WHAT THE EXERCISE ASKS: Without copying any pictures, restate exactly the lines from the start of the records through the line containing "为了进一步提高太阳官网教师对".

BEGIN SOURCE MATERIAL

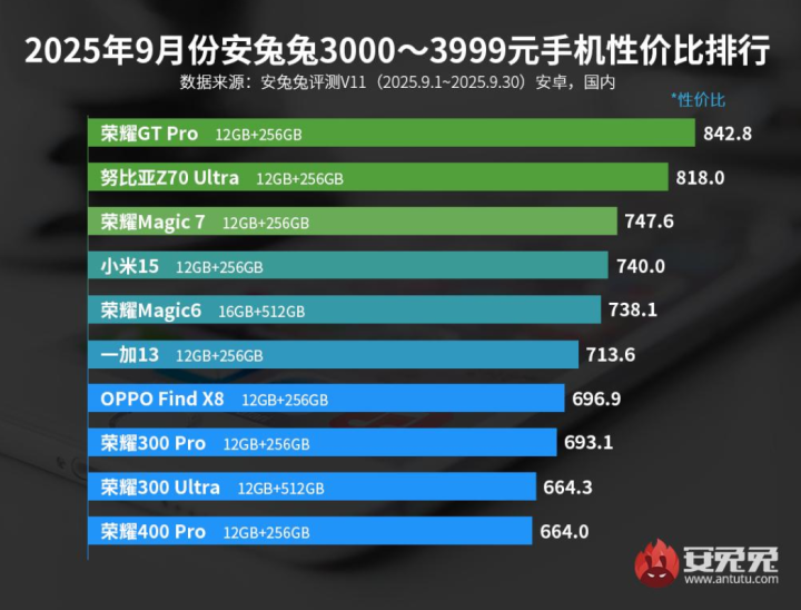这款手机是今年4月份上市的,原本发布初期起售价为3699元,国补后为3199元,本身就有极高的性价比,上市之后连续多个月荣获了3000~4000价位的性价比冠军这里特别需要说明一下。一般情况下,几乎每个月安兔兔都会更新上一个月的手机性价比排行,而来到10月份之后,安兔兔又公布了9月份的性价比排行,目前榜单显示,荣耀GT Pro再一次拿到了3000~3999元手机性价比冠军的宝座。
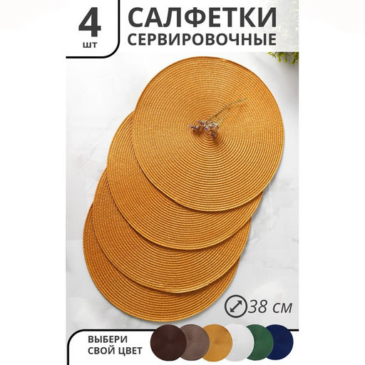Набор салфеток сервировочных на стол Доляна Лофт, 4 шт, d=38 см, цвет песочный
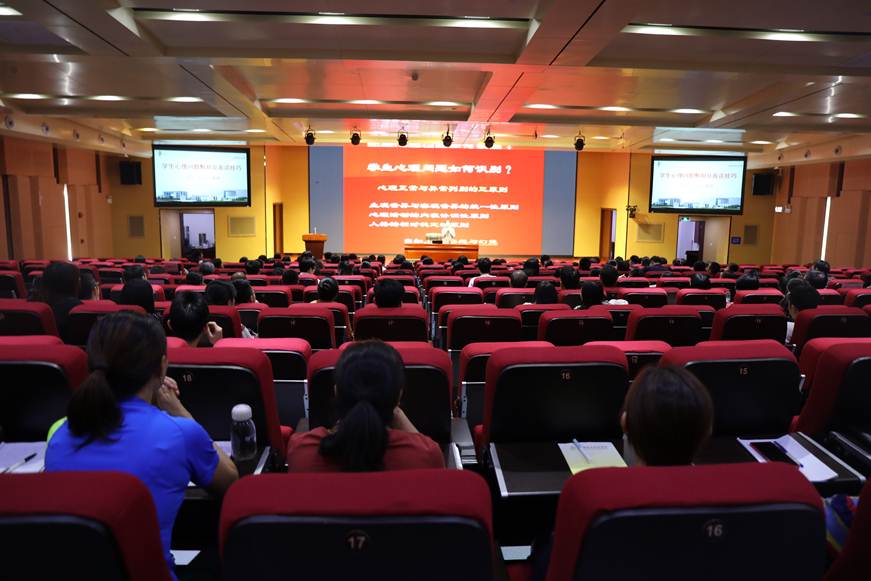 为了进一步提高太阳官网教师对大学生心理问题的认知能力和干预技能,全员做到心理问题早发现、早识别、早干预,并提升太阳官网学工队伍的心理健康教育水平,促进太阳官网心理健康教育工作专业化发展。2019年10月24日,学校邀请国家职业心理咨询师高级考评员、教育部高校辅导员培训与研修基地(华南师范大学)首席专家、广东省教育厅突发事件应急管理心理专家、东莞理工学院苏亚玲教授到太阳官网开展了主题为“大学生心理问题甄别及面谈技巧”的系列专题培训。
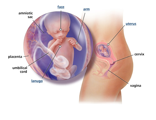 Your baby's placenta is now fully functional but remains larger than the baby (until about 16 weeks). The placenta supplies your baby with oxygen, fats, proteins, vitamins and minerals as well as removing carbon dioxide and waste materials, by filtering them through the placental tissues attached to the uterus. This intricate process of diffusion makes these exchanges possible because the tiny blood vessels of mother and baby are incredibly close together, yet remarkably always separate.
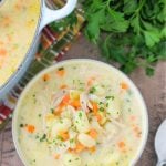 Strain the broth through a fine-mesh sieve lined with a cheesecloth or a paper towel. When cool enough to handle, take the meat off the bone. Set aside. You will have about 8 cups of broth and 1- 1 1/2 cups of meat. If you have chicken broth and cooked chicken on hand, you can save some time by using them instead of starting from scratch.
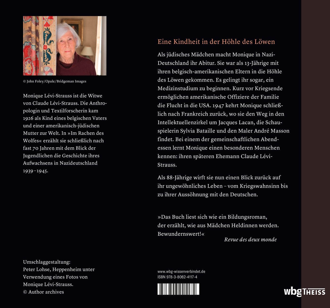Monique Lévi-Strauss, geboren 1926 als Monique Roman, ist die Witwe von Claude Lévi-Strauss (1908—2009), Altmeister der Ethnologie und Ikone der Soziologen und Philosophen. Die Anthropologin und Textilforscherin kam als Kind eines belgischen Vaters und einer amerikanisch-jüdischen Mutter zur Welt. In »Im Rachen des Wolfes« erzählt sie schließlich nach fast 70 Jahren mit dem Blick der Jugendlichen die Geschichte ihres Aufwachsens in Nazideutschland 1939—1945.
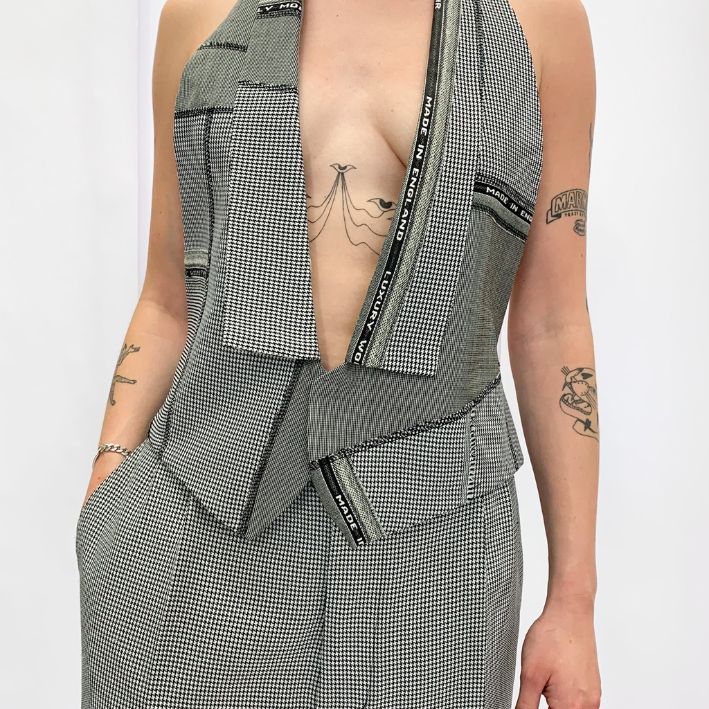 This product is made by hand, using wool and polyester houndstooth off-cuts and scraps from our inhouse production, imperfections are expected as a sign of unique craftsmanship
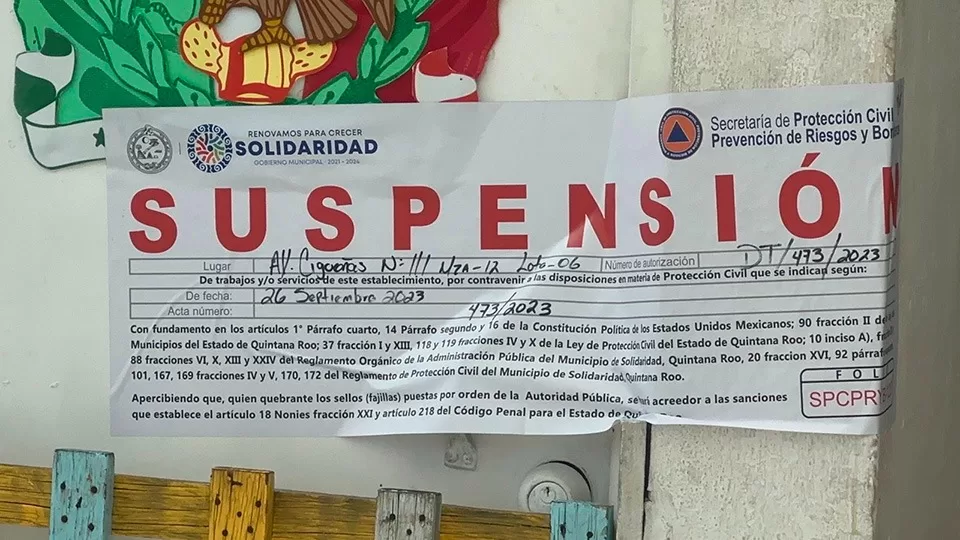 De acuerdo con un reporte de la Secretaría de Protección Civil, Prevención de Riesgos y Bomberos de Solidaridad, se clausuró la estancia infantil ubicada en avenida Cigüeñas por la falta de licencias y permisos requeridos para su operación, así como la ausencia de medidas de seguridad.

END SOURCE MATERIAL

ANSWER BOX:
这款手机是今年4月份上市的,原本发布初期起售价为3699元,国补后为3199元,本身就有极高的性价比,上市之后连续多个月荣获了3000~4000价位的性价比冠军这里特别需要说明一下。一般情况下,几乎每个月安兔兔都会更新上一个月的手机性价比排行,而来到10月份之后,安兔兔又公布了9月份的性价比排行,目前榜单显示,荣耀GT Pro再一次拿到了3000~3999元手机性价比冠军的宝座。
Набор салфеток сервировочных на стол Доляна Лофт, 4 шт, d=38 см, цвет песочный
 为了进一步提高太阳官网教师对大学生心理问题的认知能力和干预技能,全员做到心理问题早发现、早识别、早干预,并提升太阳官网学工队伍的心理健康教育水平,促进太阳官网心理健康教育工作专业化发展。2019年10月24日,学校邀请国家职业心理咨询师高级考评员、教育部高校辅导员培训与研修基地(华南师范大学)首席专家、广东省教育厅突发事件应急管理心理专家、东莞理工学院苏亚玲教授到太阳官网开展了主题为“大学生心理问题甄别及面谈技巧”的系列专题培训。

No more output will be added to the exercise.